The tool registry is the mechanism by which the system discovers and selects tools at runtime. When a worker needs to perform an action, it queries the registry for tools matching its need, filtered by its sandbox permissions.
The Model Provider Layer
The model provider layer abstracts the language models the system uses.
Abstraction
The system never calls a specific model directly. It calls the model provider with a request specifying:
- Task type: Reasoning, generation, classification, embedding.
- Quality requirements: High accuracy vs. fast response.
- Budget constraints: Maximum tokens, maximum cost.
The model provider selects the appropriate model based on these requirements. A classification task might use a fast, cheap model. A complex planning task might use a large, expensive model. This selection is transparent to the rest of the system.
Provider Interface
sequenceDiagram
participant K as Kernel
participant MP as Model Provider
participant M as Model
K->>MP: Request(task_type, prompt, constraints)
MP->>MP: Select model by capability & budget
MP->>M: Invoke selected model
M-->>MP: Raw response
MP-->>K: Response(content, metadata, cost)
Note over K: metadata: tokens, model, latency, confidence
Metadata includes token counts, model used, latency, and confidence signals. This information feeds back to the budget controller and the kernel’s decision-making.
Putting It Together
A request flows through the architecture as follows:
- Operator submits a request through any interface.
- Kernel receives the request, runs the intent interpretation pipeline.
- Kernel classifies complexity and creates a task graph via the planner.
- Governance evaluates the plan against policies. Flags risky steps.
- Scheduler orders tasks by priority and dependency.

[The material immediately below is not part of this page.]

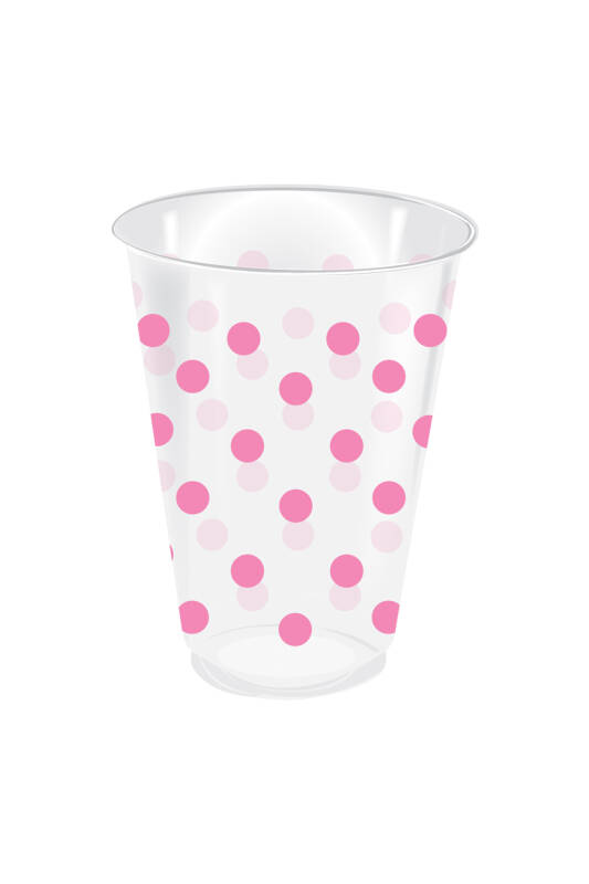 Roll-Up Plastik Bardak Pembe Puantiyeli Şeffaf 250cc 25 Adet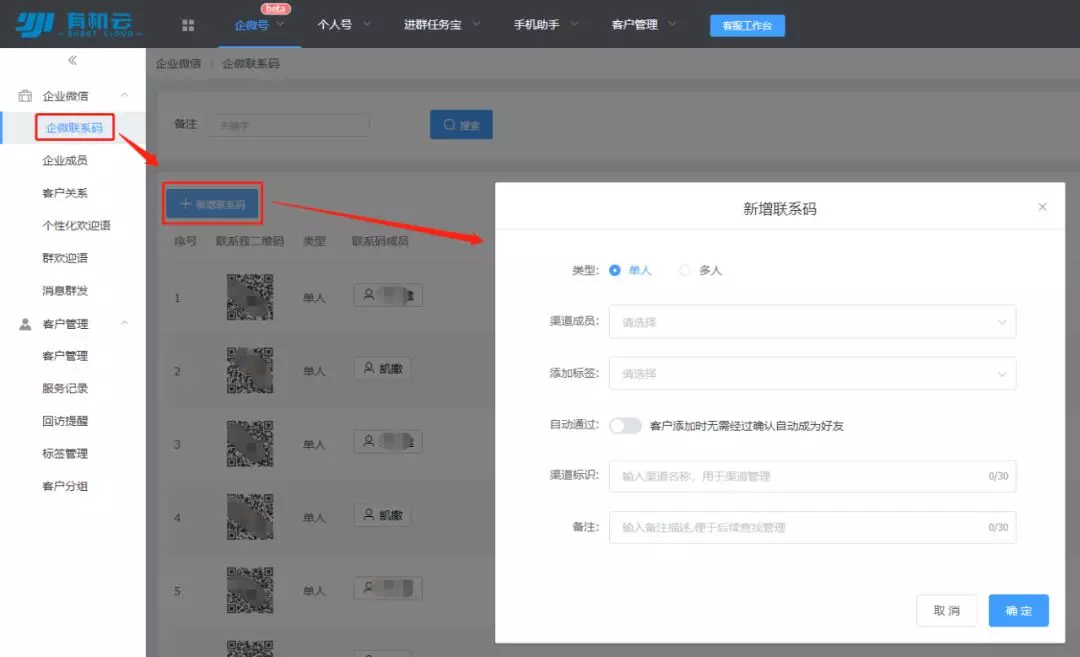 2.新增联系码,设置活码标签标识,活码会统计不同渠道来源的用户并打上对应标签。

- Process fabric spawns workers for ready tasks, each in a scoped sandbox.
- Workers execute tasks using tools, with model provider calls as needed.
- Memory plane supplies context to workers and stores results.

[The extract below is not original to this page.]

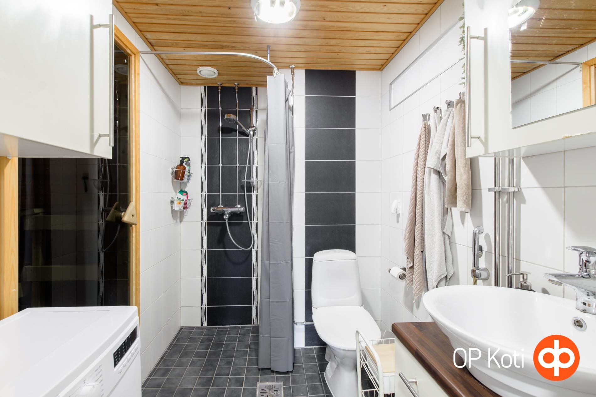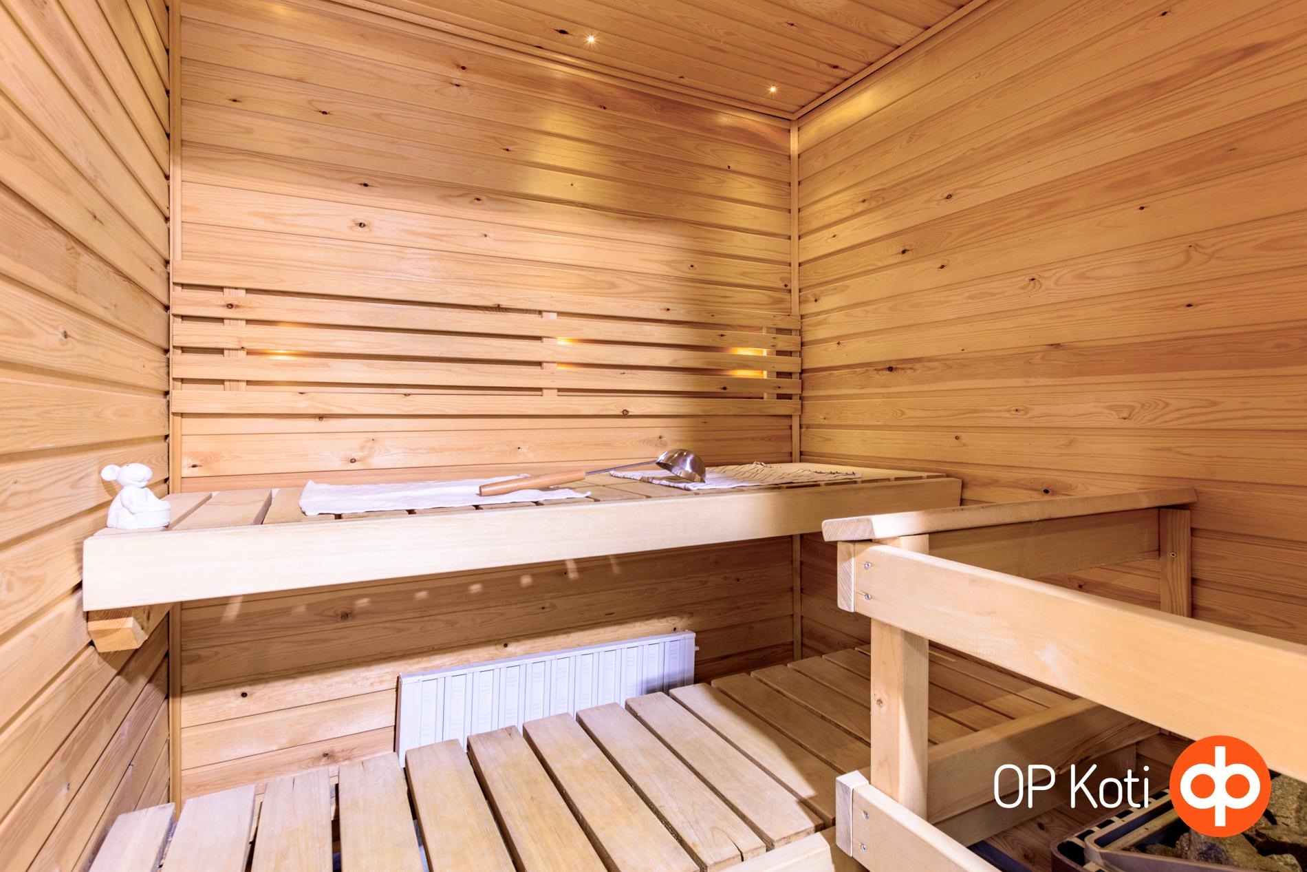 - Sauna, sähkökiuas, kylpyhuone, suihku, peilikaappi, kaapit, allaskaappi, pesukoneliitäntä, kiinteät valaisimet.

- Governance monitors execution, gates risky actions.
- Kernel consolidates results from completed workers.
- Operator receives the final result through the interface.
Each step is logged, auditable, and policy-governed. The system is not a black box — it is a transparent pipeline with inspection points at every stage.

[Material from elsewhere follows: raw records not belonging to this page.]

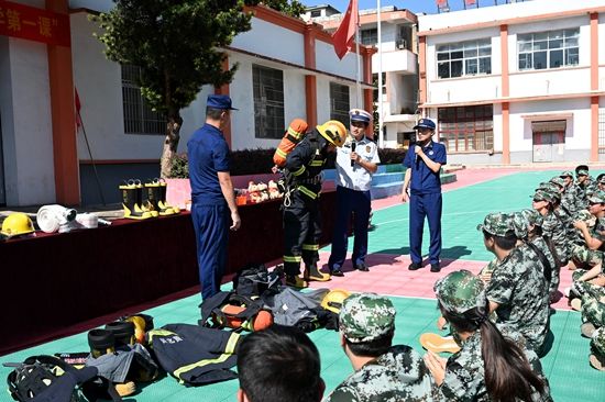 在籃球場,鐵山區消防救援大隊的消防員們展示了水帶連接、拋灑和持槍射水等動作要領。學生們分組體驗,在消防員指導下完成整套流程。戰斗服穿戴體驗環節,新生們踴躍參與,親身體驗了消防員戰斗服的重量與厚重感,深刻體會消防員負重作戰的艱辛。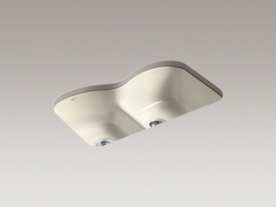 Kohler 6626-6U-FD Langlade (R) 33" x 22" x 9-5/8" Under-mount Smart Divide (R) Double-equal Kitchen Sink with 6 Oversize Faucet Holes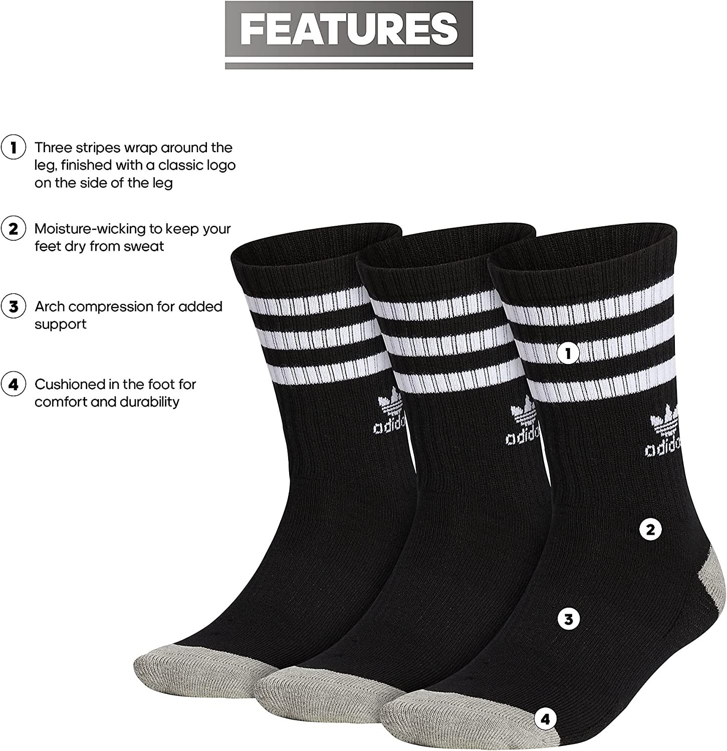 The roller crew has returned with that same classic 3 stripe style, but with a couple of additional features that include arch compression for support, and a traxion footbed inspired by the superstar tread pattern. moisture-wicking keeps your feet dry from sweat and cushioning in the foot gives you the comfort and durability you expect.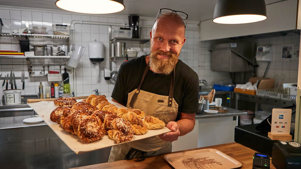 – Och så har vi vårt vanliga fikautbud såklart. Dessutom har vi alltid bageriet öppet när kaféet är öppet så det går att köpa med sig bröd, småkakor, marmelad med mera.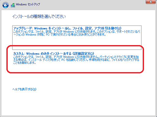 新規でインストールする場合は、「カスタム」を押して続行します。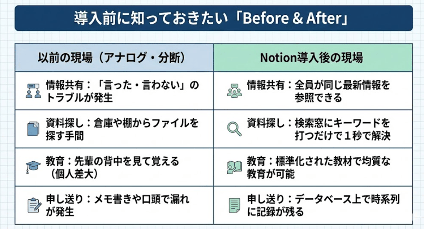 Notionを導入することで、バラバラだった情報を一つの「デジタルナレッジベース」に集約し、必要な時に必要な情報へ即時にアクセスできる環境を作ることができます。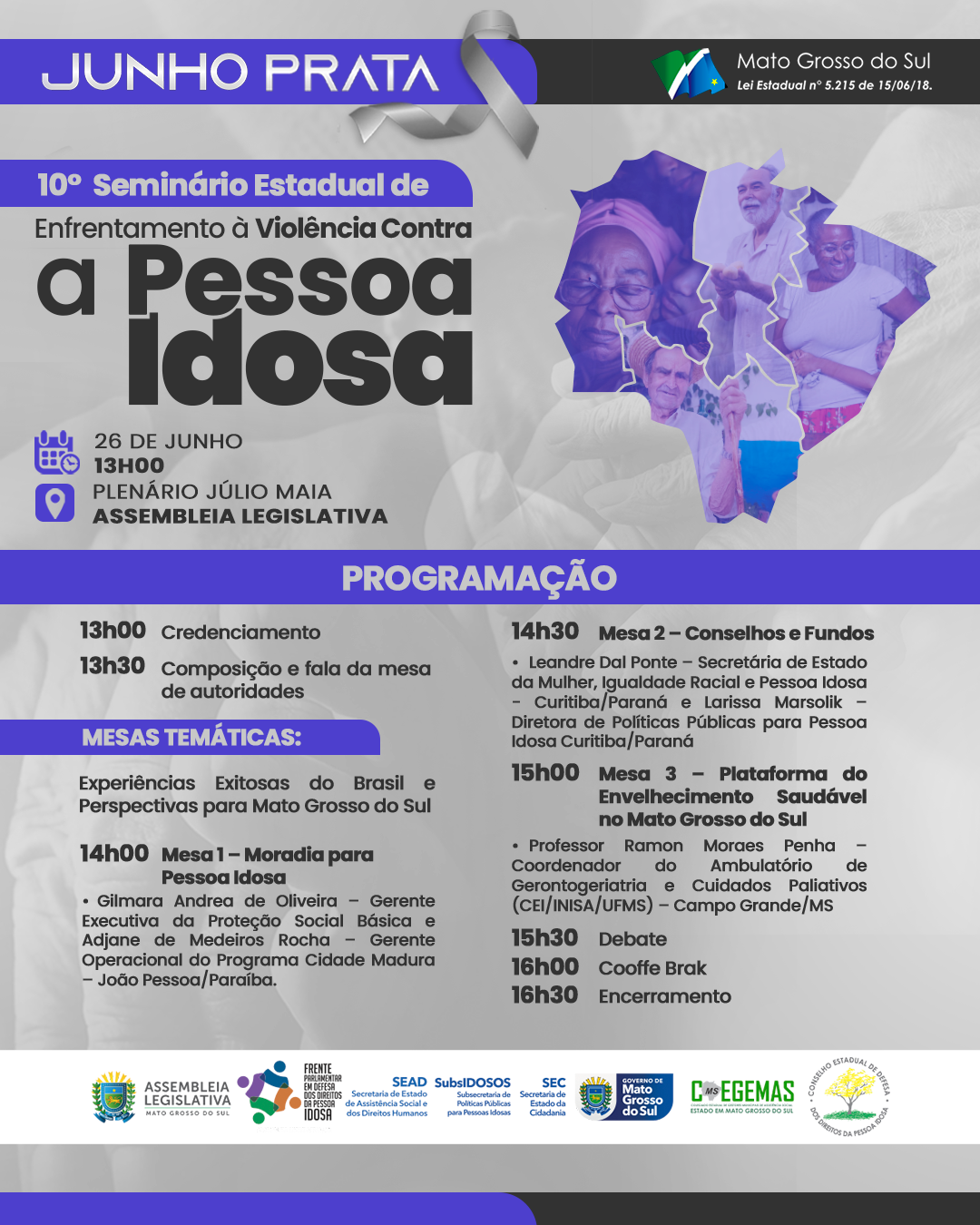 Nesta quinta-feira (26), a Assembleia Legislativa de Mato Grosso do Sul promove o 10º Seminário Estadual de Enfrentamento à Violência Contra a Pessoa Idosa. Realizado pela Frente Parlamentar em Defesa dos Direitos da Pessoa Idosa, presidida pelo deputado estadual Renato Câmara, o evento reúne especialistas de várias regiões do país, autoridades e representantes da rede de proteção para discutir soluções e práticas bem-sucedidas que promovam o envelhecimento com dignidade.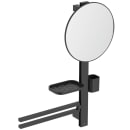 Her får du en hylde, et tandkrus og en dobbelt håndklædestang, som alle tre kan flyttes og placeres til det ønskede sted på stangen. Øverst på stangen sidder et spejl på 32,8 cm i diameter, som også kan flyttes, så det passer perfekt til din højde.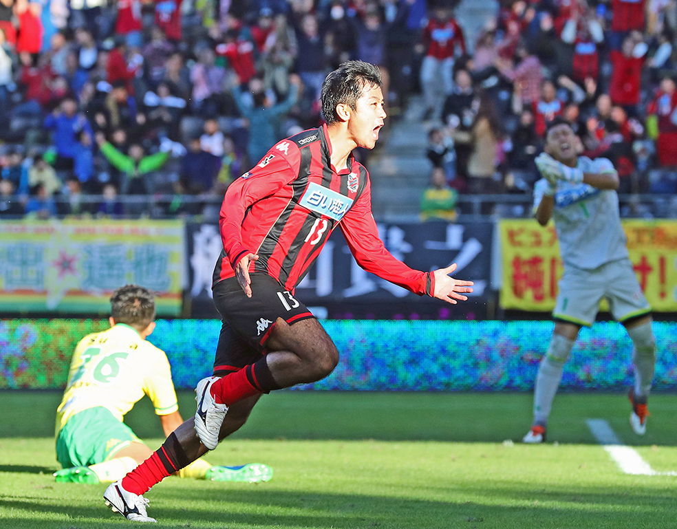 2016年11月12日のJ2千葉戦、後半アディショナルタイムにFW内村が決勝ゴールを決めて喜びを爆発させる

What This Architecture Is Not
This architecture is not a product specification. It does not prescribe technology choices (which database, which queue, which language). It does not mandate a deployment topology (monolith, microservices, serverless). These are implementation decisions that depend on context.
What it provides is a structural guarantee: if your system has these components with these interfaces, it will support the patterns, governance, and operational modes described in this book. The next chapter examines where to draw the boundaries between these components.